Another example is the redirect.  If the client follows the link to the Authorization Server, a Referrer header might be observed by the Authorization Server.  Once the Authorization interaction is complete, the Authorization Server could redirect back to the URI it first saw.  Alternatively, this information might be buried in the URI with the other junk, as described above.  There's no need to formalize this mechanism if the agreement is private.

  Client goes to Resource Server, gets 403 response.  The 403 contains a URI that, along with identifying the Authorization Server, includes in an opaque portion that contains additional information: the client identity, the resource the client is trying to access, and other constraints.  The Resource Server knows how to construct this URI so that the Authorization Server can make sense of this.  By navigating to this resource, the Client ultimately acquires an Access Token - probably some sort of document with a media type that identifies it as an Access Token.
  Client brings the Access Token back to the Resource Server.  The Resource Server cracks that token open and checks it: is it valid? is it from an Authorization Server that I trust? is it for the current resource? is it for the current requester? is it valid right now?  If a check fails, the request is rejected; if they all pass, the request is permitted.

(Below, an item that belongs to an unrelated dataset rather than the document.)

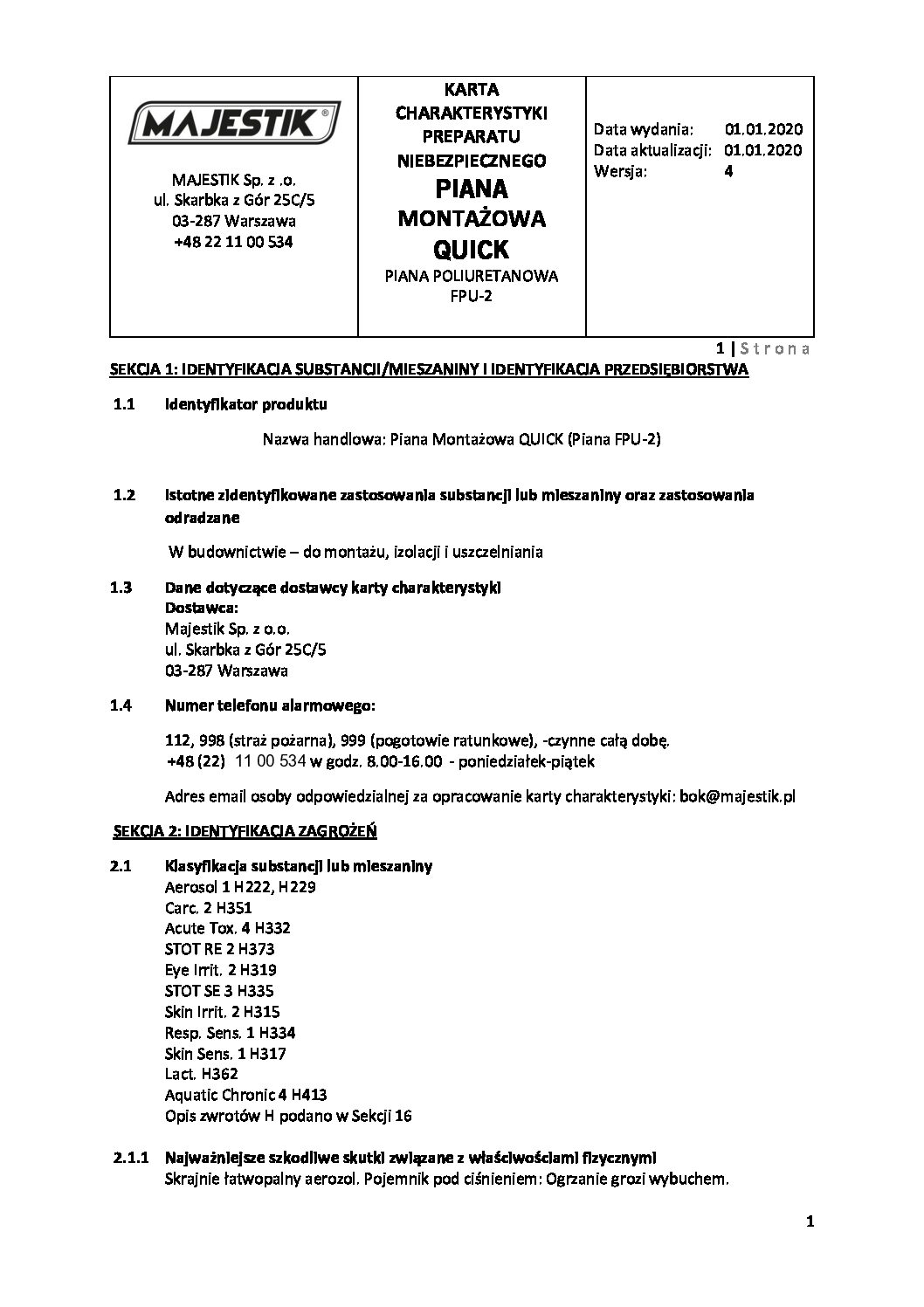 Nasza pianka poliuretanowa niskoprężna to produkt przeznaczony dla osób poszukujących trwałych spoin. Uszczelnia, izoluje, nadaje się do wypełnień w sufitach, deskach podłogowych, ścianach betonowych, w złączeniach rur, obszarach wodno-kanalizacyjnych. Wszystkie te funkcje zapewnia użycie niskoprężnej pianki poliuretanowej. Produkt daje efekty na długie lata! Jest wodoodporny, można go bez problemu malować i używać niezależnie od łączonych z jego pomocą materiałów. Zachęcamy do zapoznania się z całą ofertą MAJESTIK. W razie pytań zapraszamy do kontaktu.

Formalizing the exchange between Resource Server and Authorization Server lets an arbitrary Resource Server use an arbitrary Authorization Server.  There are good use cases for this, but they are secondary to the function I describe above.  Separating that makes a great deal of sense.

==Other Stuff: Slightly Wacky Ideas

What if the resource that provides the Access Token provided the Access Token to any and all who asked?  That's not unreasonable if the token can only be used by an authenticated Client.

If the resource didn't exist until the Client was authorized, then that would make this more effective.

Or, maybe better yet, the resource might exist anyway, but the Client isn't told about the resource until they are authorized.  Anyone that knows the URI can use it freely, but only the authorized are ever granted knowledge of the URI.  The only condition is that the URI is hard to guess.  (See RFC5808 for a different application of this concept and a discussion of the limitations.  I'm also aware that this might have other issues in a web environment, because URIs don't stay secret with Referrer headers and the like.)

In this model, the URI and Access Token are interchangeable.  If you have the URI, you can give it to someone and that's just as good as giving them a token.  This might be useful for some of the more extreme use cases.

==No-so-thin Client

A lot of focus has been placed on using a client that doesn't understand OAuth for each of the use cases.  The use of redirection, particularly with URI fragments, belies this.  None of what I've suggested is impossible, it just requires that the Client have some control over the content of the HTTP requests that it makes.

That doesn't require explicit support from an HTTP client, just the ability to make requests and set the content of headers.  Such support has been table stakes for a long time.


[1] Note that authentication is not strictly necessary, it might be sufficient to provide evidence of authorization as described in the counter-examples here: http://arstechnica.com/security/guides/2010/09/twitter-a-case-study-on-how-to-do-oauth-wrong.ars/2

[2] Copious caveats - as I mentioned, treating the Access Token as an opaque blob is merely a useful abstraction.  It gets you a long way.  Before you have to worry about specifics you can understand a lot about the goals and how those goals are achieved.

[3] It's interesting that the Access Token producer doesn't need to validate the client identifier.  As long as they aren't duped about who they are producing the Access Token for, they don't care that the entity that is asking is the same or not - only the consumer of the token needs to check that it is OK.